7. Challenges and Limitations

Despite the rapid advances achieved in AI-assisted materials research, several scientific, technical, and infrastructural barriers continue to limit the broader adoption of these technologies. Although machine-learning models have demonstrated impressive capabilities in materials screening, property prediction, inverse design, and autonomous experimentation, their practical impact ultimately depends on data quality, model reliability, computational efficiency, and successful experimental validation. Understanding these limitations is essential for assessing the current state of the field and identifying priorities for future development. Figure 2 summarizes the major challenges currently affecting AI-driven materials discovery and the emerging directions proposed to address them.
As illustrated in Figure 2, the major challenges facing AI-assisted materials discovery are closely interconnected. Progress in one area often depends on advances in several others. For example, improving model reliability requires not only larger and higher-quality datasets but also more interpretable learning frameworks and robust experimental validation. Similarly, reducing the gap between computational prediction and real-world performance requires tighter integration between machine-learning models, advanced characterization techniques, and autonomous laboratory platforms. Collectively, these developments are expected to support the transition toward more adaptive, reliable, and increasingly autonomous materials discovery ecosystems.
One of the most persistent challenges is the availability and quality of materials data. Unlike fields such as computer vision or natural language processing, materials science often suffers from relatively small, sparse, heterogeneous, and biased datasets. Many potentially important compounds have never been synthesized, characterized, or reported, creating large unexplored regions within chemical space. Furthermore, data collected from different laboratories frequently differ in measurement protocols, experimental conditions, reporting standards, and levels of uncertainty. Such inconsistencies can introduce significant biases into machine-learning models and reduce their predictive reliability. Recent studies emphasize that the development of standardized, FAIR-compliant databases and open experimental repositories will be crucial for improving model robustness and reproducibility [5,33].
Another major limitation concerns the transferability and extrapolation capabilities of current AI models [17,27]. Most machine-learning algorithms perform well when predicting materials that are similar to those encountered during training; however, their performance often deteriorates when applied to entirely new chemistries, novel crystal structures, or unexplored compositional spaces. This limitation is particularly important in energy materials research, where the ultimate objective is often to discover materials that do not yet exist in available databases. Consequently, significant efforts are being devoted to the development of physics-informed machine learning, graph-based representations, equivariant neural networks, and hybrid modeling frameworks that integrate scientific knowledge with data-driven learning in order to improve generalization and extrapolative capabilities [17,27,28,29,30,31]. Model interpretability and scientific trustworthiness represent additional challenges. While deep neural networks, transformer architectures, and ensemble learning methods frequently achieve superior predictive performance, they often operate as complex black-box systems whose internal decision-making processes remain difficult to interpret. In practical materials development, researchers must understand not only what prediction a model generates but also why a particular material is predicted to exhibit favorable properties. The lack of interpretability can hinder scientific insight, reduce user confidence, and limit industrial adoption. Various explainable AI techniques, including feature attribution analysis, SHAP-based approaches, attention mechanisms, and physics-guided constraints, have been proposed to address this issue, although a universally accepted solution has yet to emerge [17,27].

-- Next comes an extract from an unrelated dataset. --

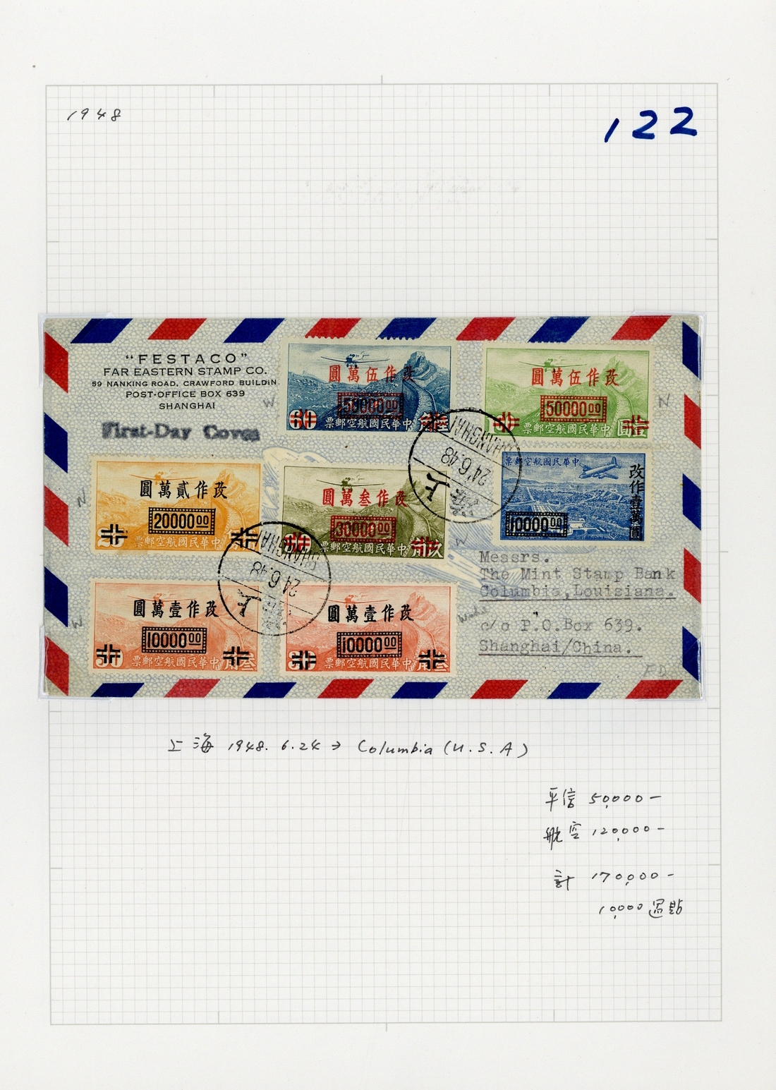 1946-48 a group of covers bearing a variety of airmail and other adhesives including C.N.C. values on first day cover, printed paper rate to U.S.A., express cover from Tungshan to Tsingtau, Nanking to U.S.A. and Tientsin to U.S.A. (5 covers)

A further concern relates to the computational and environmental costs associated with advanced AI systems [10,34]. The training of large-scale deep-learning architectures, foundation models, and large language models often requires substantial computational resources and energy consumption. Ironically, technologies intended to accelerate the development of sustainable energy solutions may themselves contribute to increased energy demand and carbon emissions if deployed without careful consideration of computational efficiency. Consequently, the concept of “Green AI” has emerged as an important research direction focused on developing energy-efficient algorithms, resource-aware model architectures, and sustainable computing infrastructures capable of reducing the environmental footprint of AI-assisted materials research [10]. Future studies should also consider quantitative measures of computational efficiency, including energy consumption, computational cost, and carbon footprint, to ensure that AI-assisted materials discovery remains aligned with the broader objectives of sustainable energy research.

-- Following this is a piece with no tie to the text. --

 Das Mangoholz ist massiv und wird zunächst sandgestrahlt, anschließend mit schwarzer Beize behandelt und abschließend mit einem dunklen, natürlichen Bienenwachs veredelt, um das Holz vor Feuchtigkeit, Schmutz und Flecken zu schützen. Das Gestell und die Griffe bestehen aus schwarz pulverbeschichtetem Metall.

Perhaps the most important practical challenge is the persistent gap between computational prediction and experimental validation [5,10,11,12]. Numerous machine-learning studies have reported promising candidate materials, yet only a relatively small fraction of these predictions have been successfully verified through synthesis and laboratory testing. Real-world materials performance is influenced by numerous factors that are often neglected in computational models, including impurities, synthesis pathways, processing conditions, microstructural defects, degradation mechanisms, and scale-dependent effects. Bridging this reality gap requires tighter integration between artificial intelligence, high-throughput experimentation, advanced characterization techniques, and autonomous laboratory platforms. The emergence of self-driving laboratories represents an important step in this direction by enabling continuous feedback between prediction and experiment [5,12].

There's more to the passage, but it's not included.